### WHAT THE EXERCISE ASKS
All of the data should be given again word for word, though the images are to be left out.

RECORD EXCERPTS START

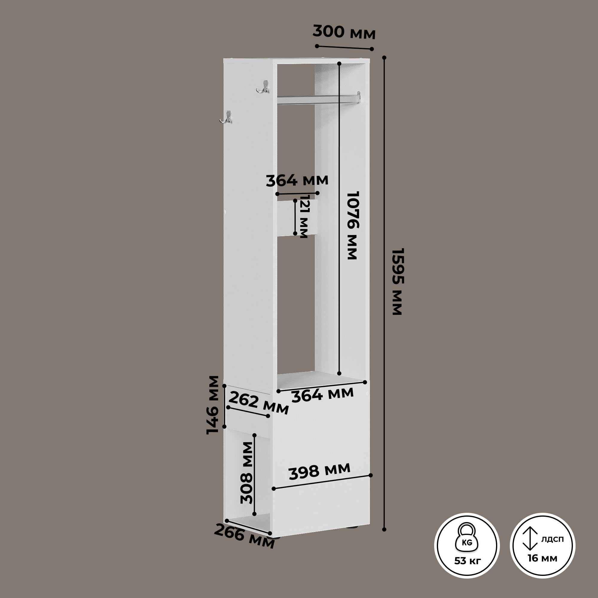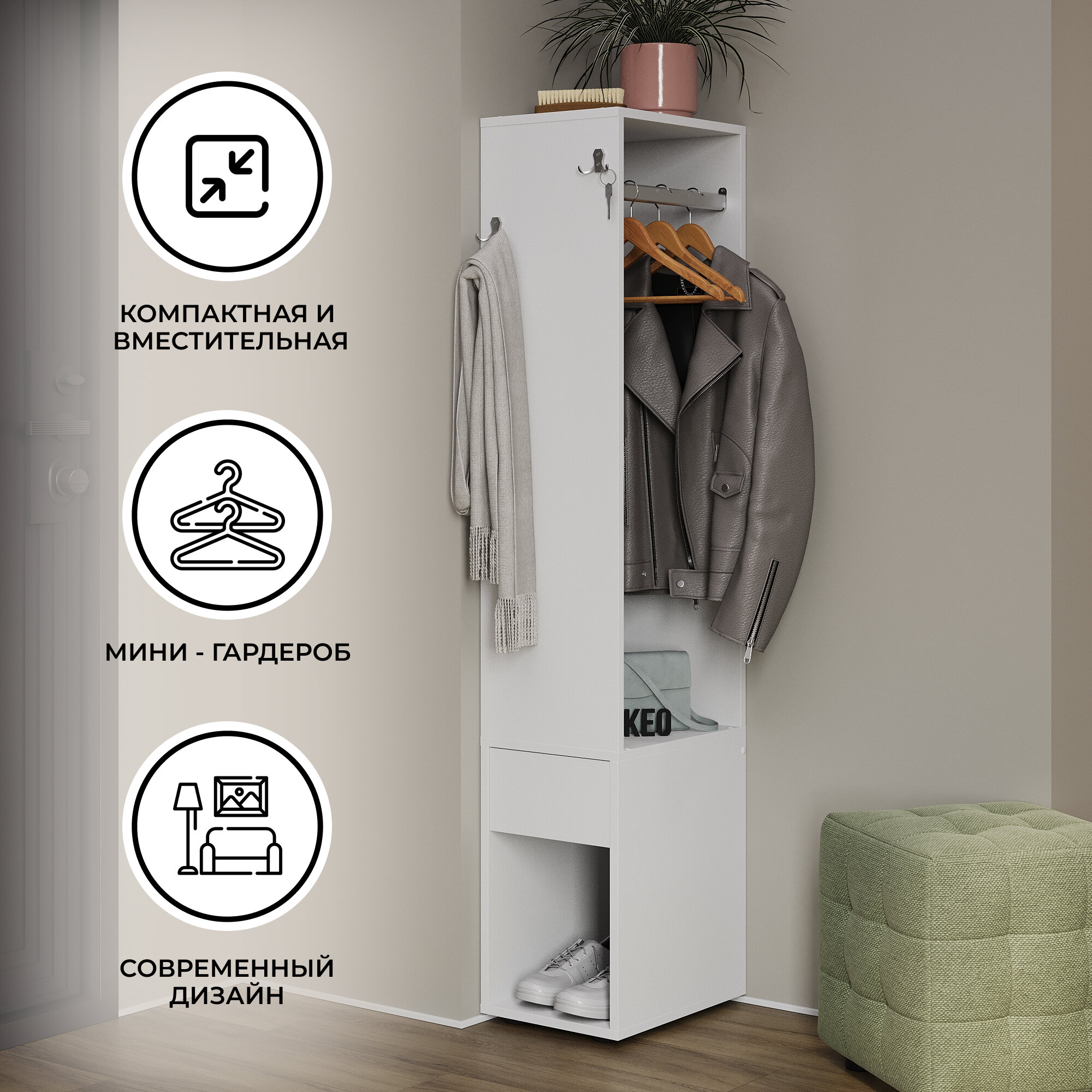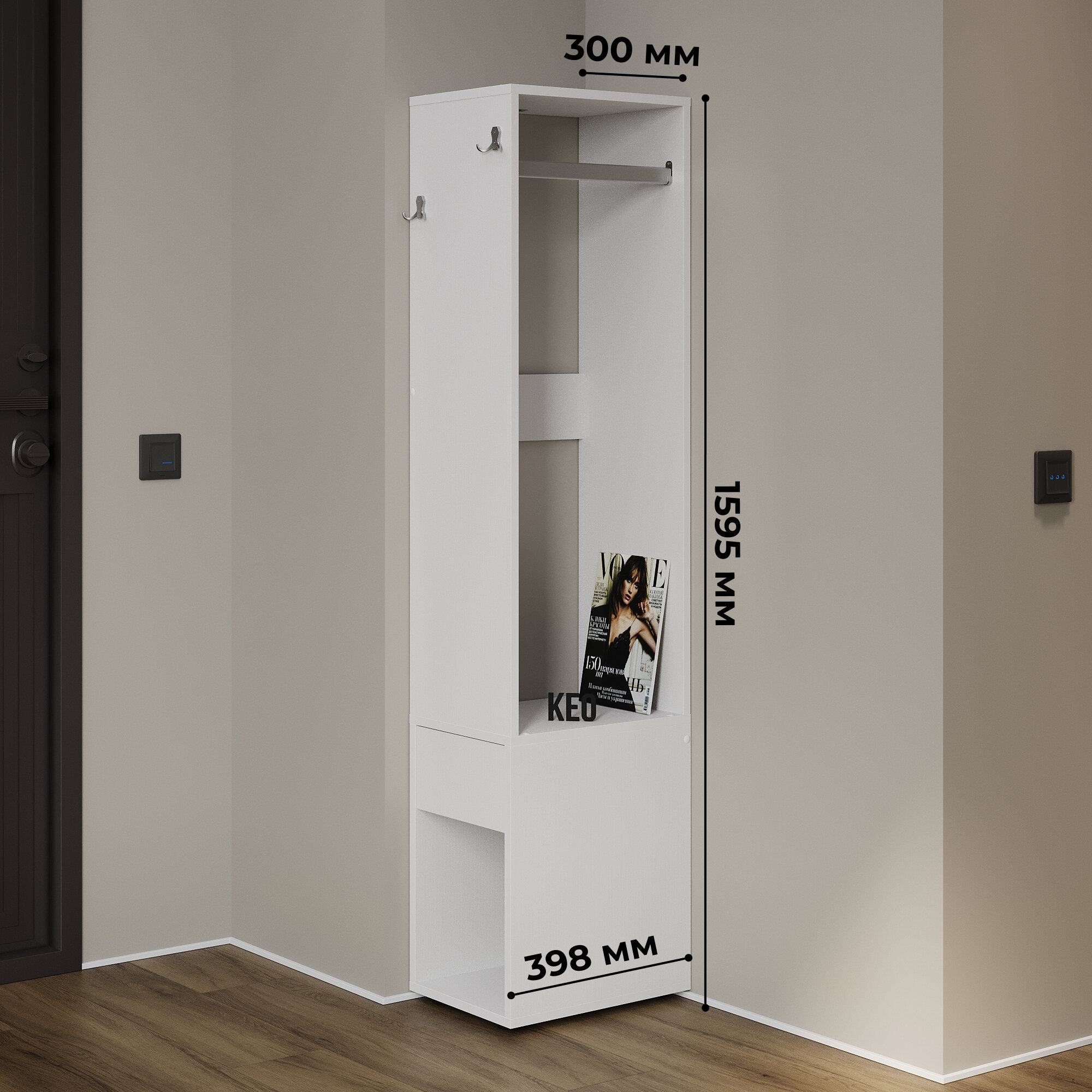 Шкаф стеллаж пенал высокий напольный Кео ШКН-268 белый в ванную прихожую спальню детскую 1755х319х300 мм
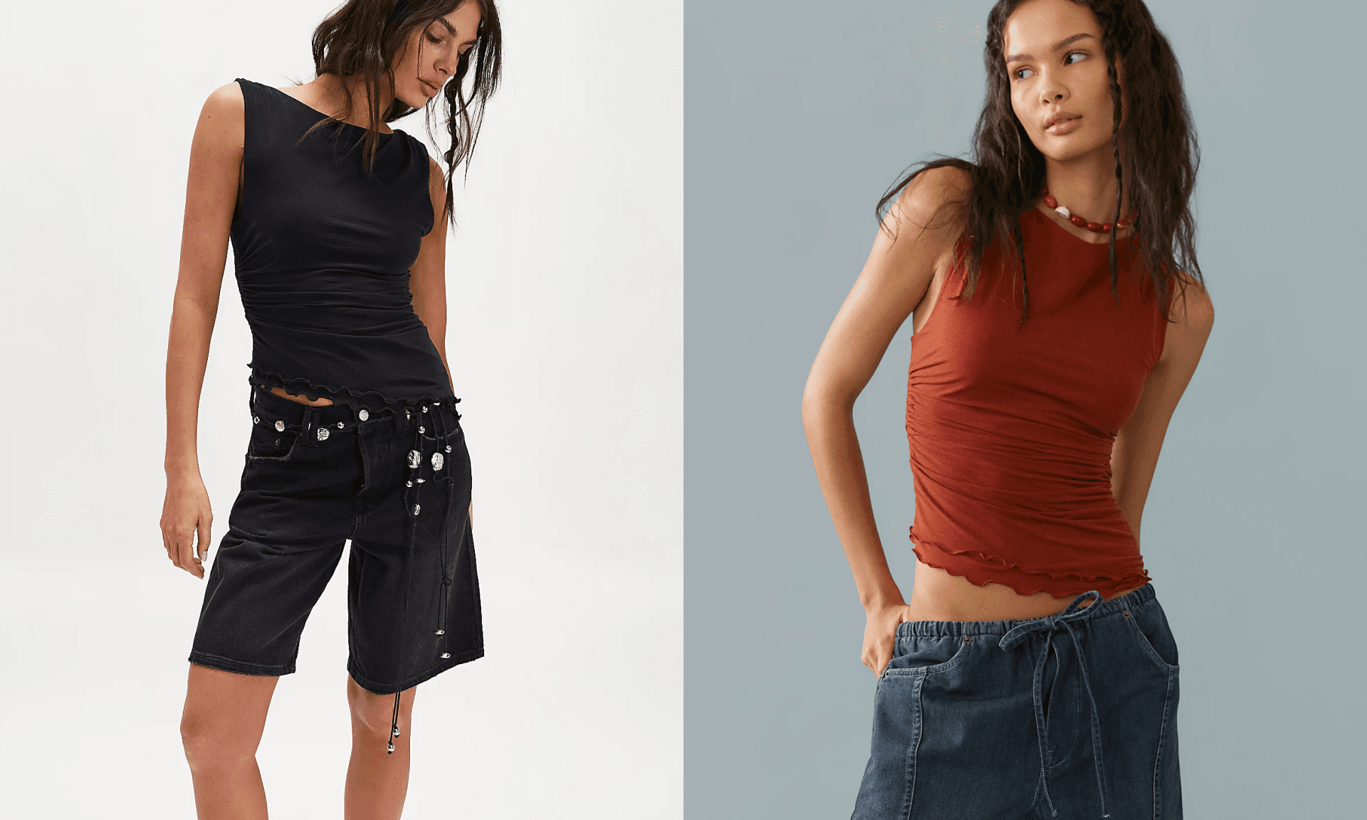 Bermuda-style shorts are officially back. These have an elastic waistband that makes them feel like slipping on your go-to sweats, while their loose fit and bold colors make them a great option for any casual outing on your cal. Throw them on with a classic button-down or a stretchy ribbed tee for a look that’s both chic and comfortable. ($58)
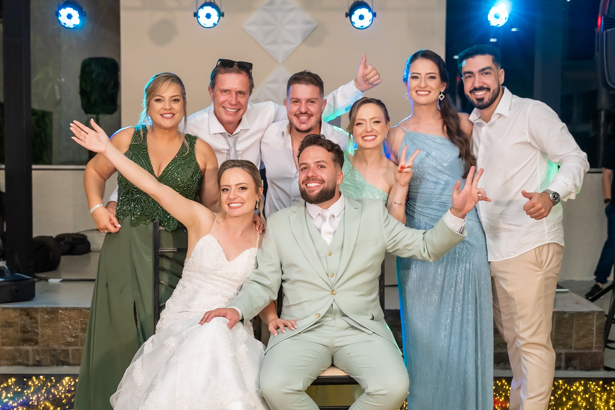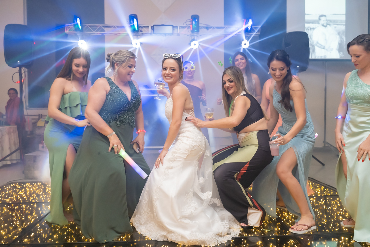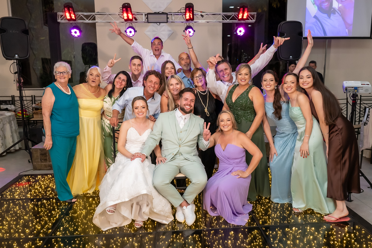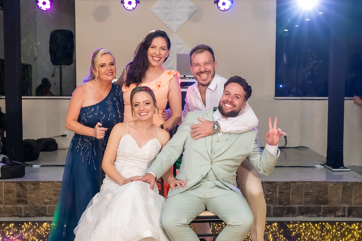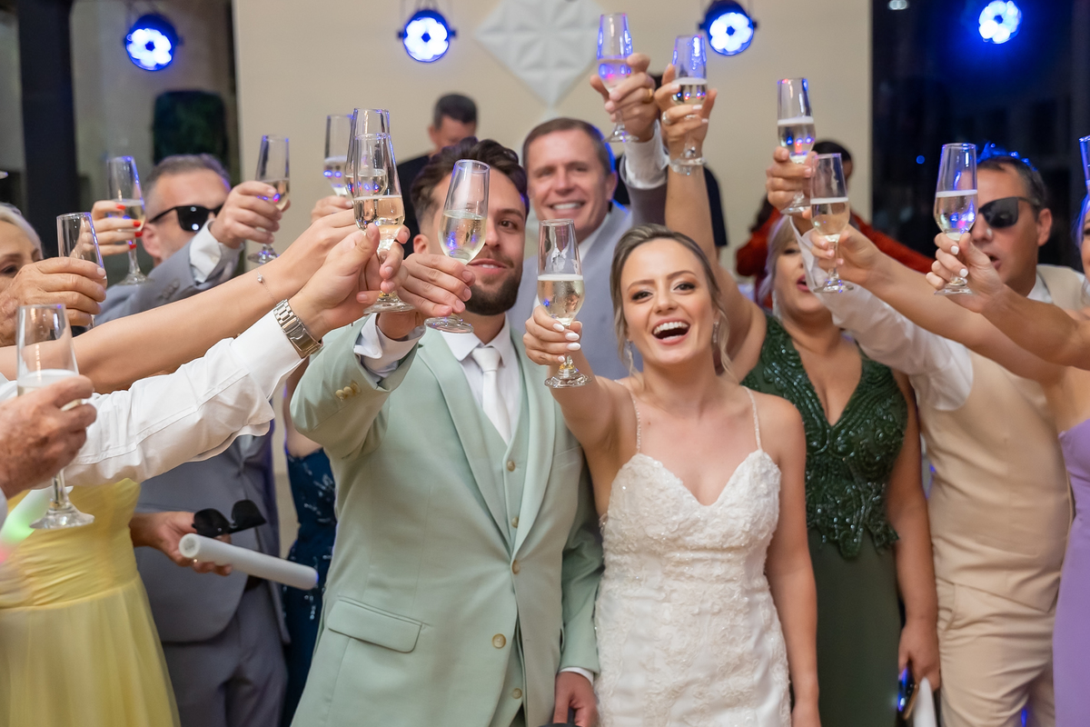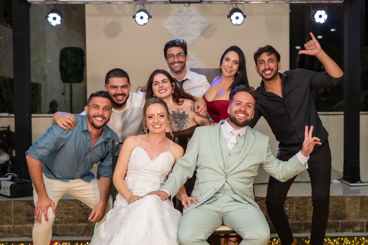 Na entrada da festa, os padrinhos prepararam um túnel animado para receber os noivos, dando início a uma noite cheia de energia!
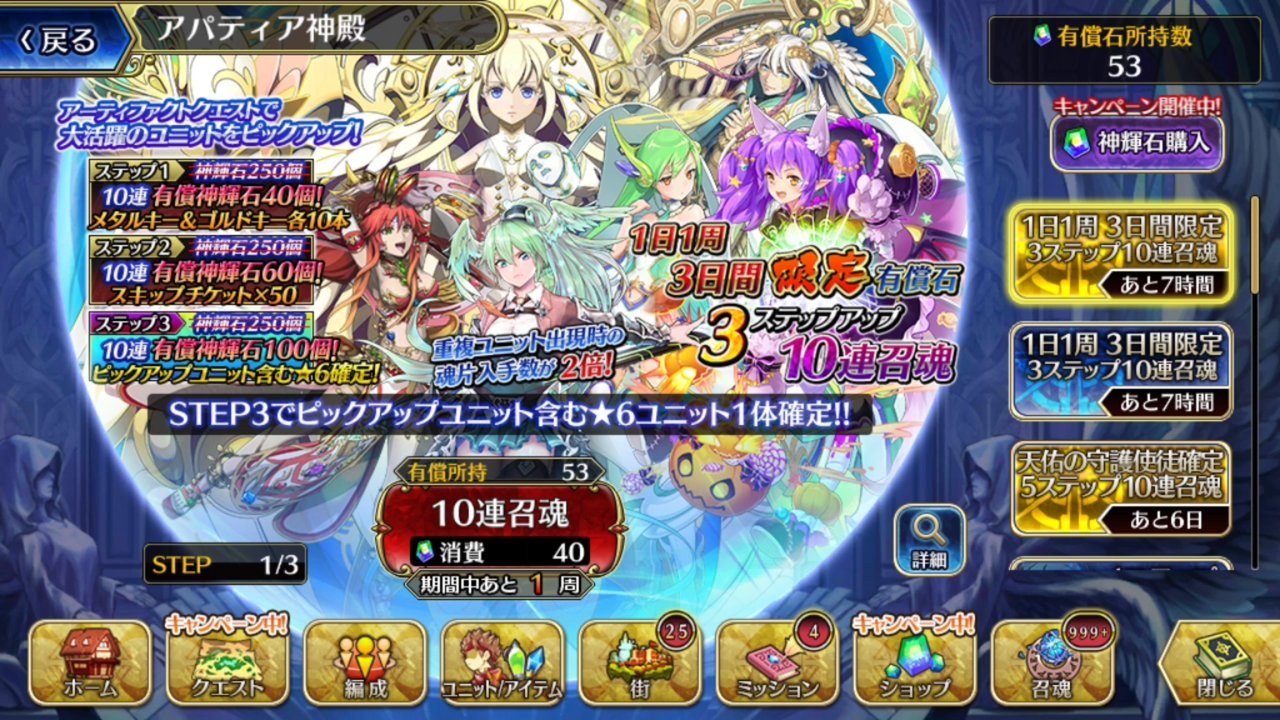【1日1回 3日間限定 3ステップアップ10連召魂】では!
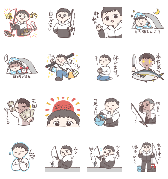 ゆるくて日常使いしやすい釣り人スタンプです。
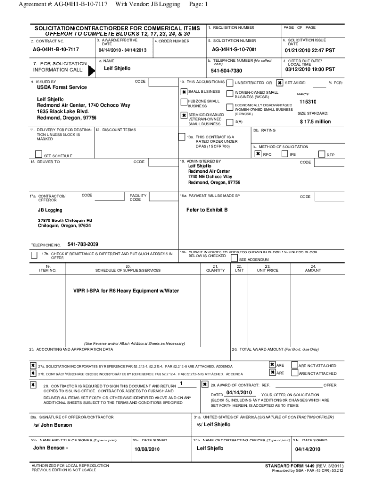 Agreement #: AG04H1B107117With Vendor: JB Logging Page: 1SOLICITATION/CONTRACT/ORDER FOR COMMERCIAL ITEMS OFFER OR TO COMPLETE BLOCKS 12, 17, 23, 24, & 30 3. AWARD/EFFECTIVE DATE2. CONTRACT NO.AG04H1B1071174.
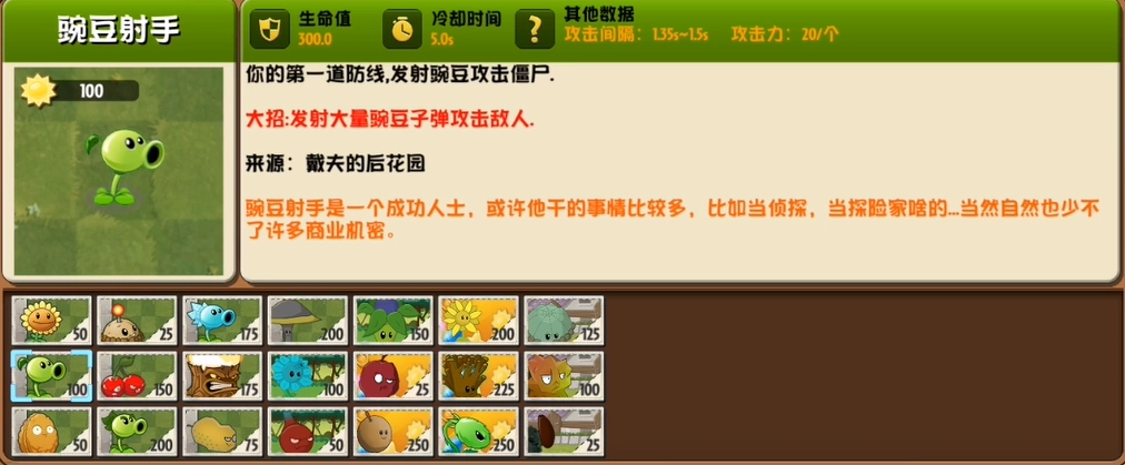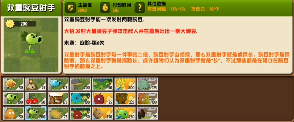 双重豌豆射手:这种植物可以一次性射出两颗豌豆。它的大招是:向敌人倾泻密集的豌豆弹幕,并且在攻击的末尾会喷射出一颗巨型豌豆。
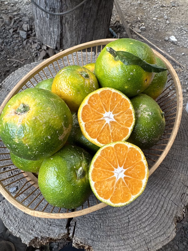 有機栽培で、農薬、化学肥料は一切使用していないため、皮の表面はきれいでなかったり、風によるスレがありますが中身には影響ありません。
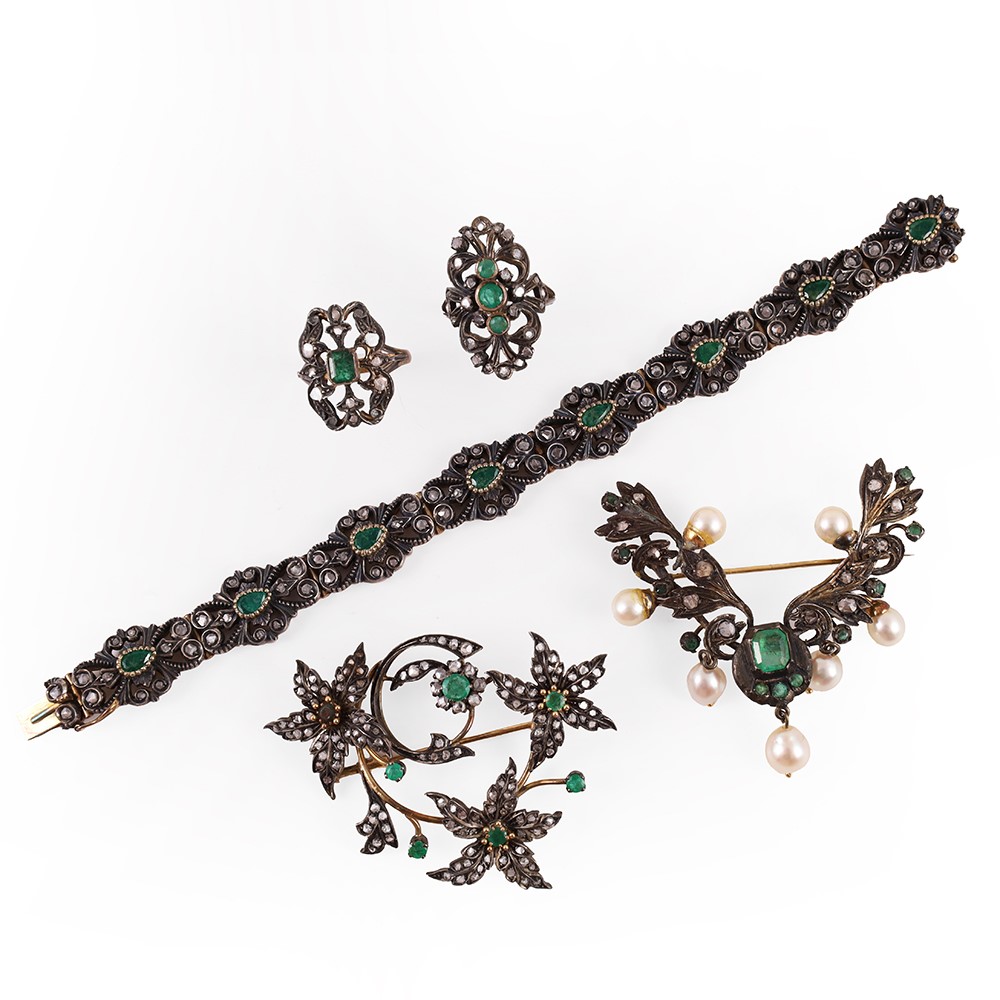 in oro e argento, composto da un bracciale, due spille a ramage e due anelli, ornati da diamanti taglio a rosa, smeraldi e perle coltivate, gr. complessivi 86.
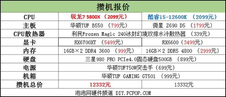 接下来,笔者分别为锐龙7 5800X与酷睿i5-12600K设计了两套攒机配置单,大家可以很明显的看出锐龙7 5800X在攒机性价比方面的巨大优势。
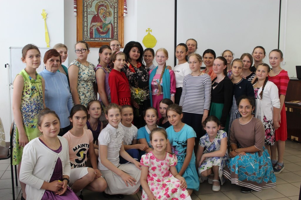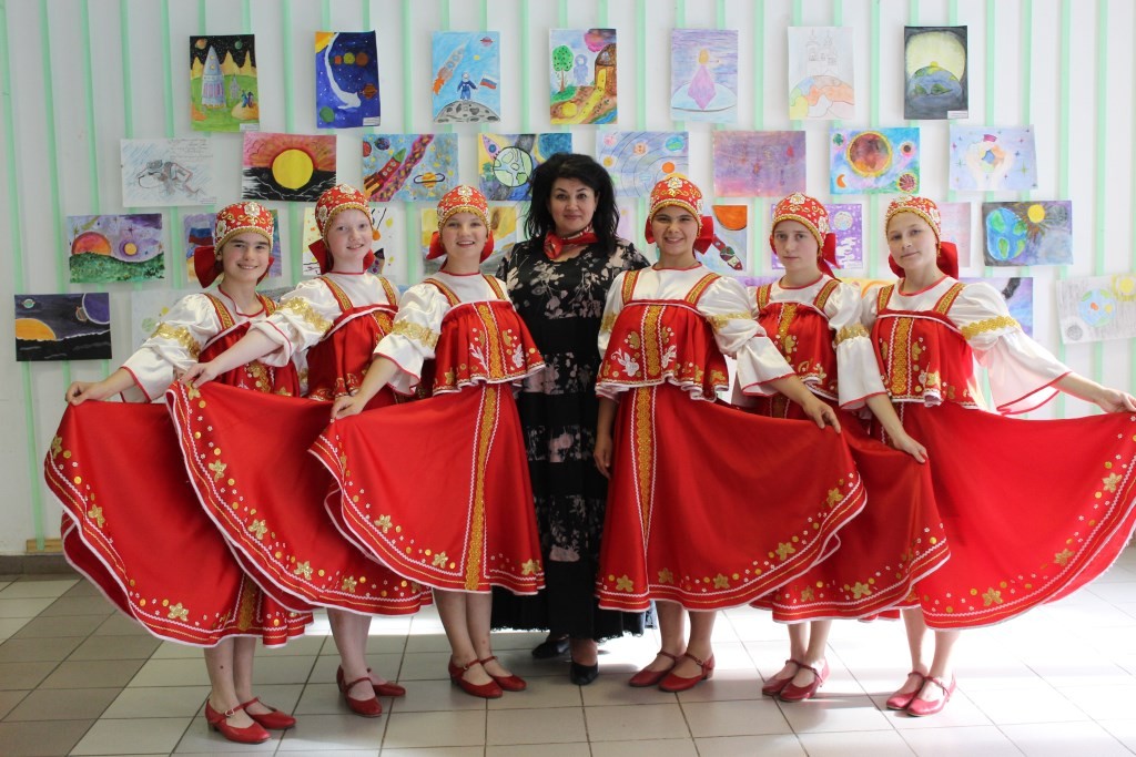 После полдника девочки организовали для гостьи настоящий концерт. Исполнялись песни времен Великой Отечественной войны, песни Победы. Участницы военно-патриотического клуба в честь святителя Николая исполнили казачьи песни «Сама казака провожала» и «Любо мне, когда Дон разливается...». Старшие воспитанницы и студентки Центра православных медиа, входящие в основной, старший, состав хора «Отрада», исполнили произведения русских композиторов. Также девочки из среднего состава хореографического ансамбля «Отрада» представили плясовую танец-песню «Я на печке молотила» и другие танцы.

RECORD EXCERPTS END

### SOLUTION FOR THIS EXERCISE
 Шкаф стеллаж пенал высокий напольный Кео ШКН-268 белый в ванную прихожую спальню детскую 1755х319х300 мм
 Bermuda-style shorts are officially back. These have an elastic waistband that makes them feel like slipping on your go-to sweats, while their loose fit and bold colors make them a great option for any casual outing on your cal. Throw them on with a classic button-down or a stretchy ribbed tee for a look that’s both chic and comfortable. ($58)
 Na entrada da festa, os padrinhos prepararam um túnel animado para receber os noivos, dando início a uma noite cheia de energia!
【1日1回 3日間限定 3ステップアップ10連召魂】では!
 ゆるくて日常使いしやすい釣り人スタンプです。
 Agreement #: AG04H1B107117With Vendor: JB Logging Page: 1SOLICITATION/CONTRACT/ORDER FOR COMMERCIAL ITEMS OFFER OR TO COMPLETE BLOCKS 12, 17, 23, 24, & 30 3. AWARD/EFFECTIVE DATE2. CONTRACT NO.AG04H1B1071174.
 双重豌豆射手:这种植物可以一次性射出两颗豌豆。它的大招是:向敌人倾泻密集的豌豆弹幕,并且在攻击的末尾会喷射出一颗巨型豌豆。
 有機栽培で、農薬、化学肥料は一切使用していないため、皮の表面はきれいでなかったり、風によるスレがありますが中身には影響ありません。
 in oro e argento, composto da un bracciale, due spille a ramage e due anelli, ornati da diamanti taglio a rosa, smeraldi e perle coltivate, gr. complessivi 86.
 接下来,笔者分别为锐龙7 5800X与酷睿i5-12600K设计了两套攒机配置单,大家可以很明显的看出锐龙7 5800X在攒机性价比方面的巨大优势。
 После полдника девочки организовали для гостьи настоящий концерт. Исполнялись песни времен Великой Отечественной войны, песни Победы. Участницы военно-патриотического клуба в честь святителя Николая исполнили казачьи песни «Сама казака провожала» и «Любо мне, когда Дон разливается...». Старшие воспитанницы и студентки Центра православных медиа, входящие в основной, старший, состав хора «Отрада», исполнили произведения русских композиторов. Также девочки из среднего состава хореографического ансамбля «Отрада» представили плясовую танец-песню «Я на печке молотила» и другие танцы.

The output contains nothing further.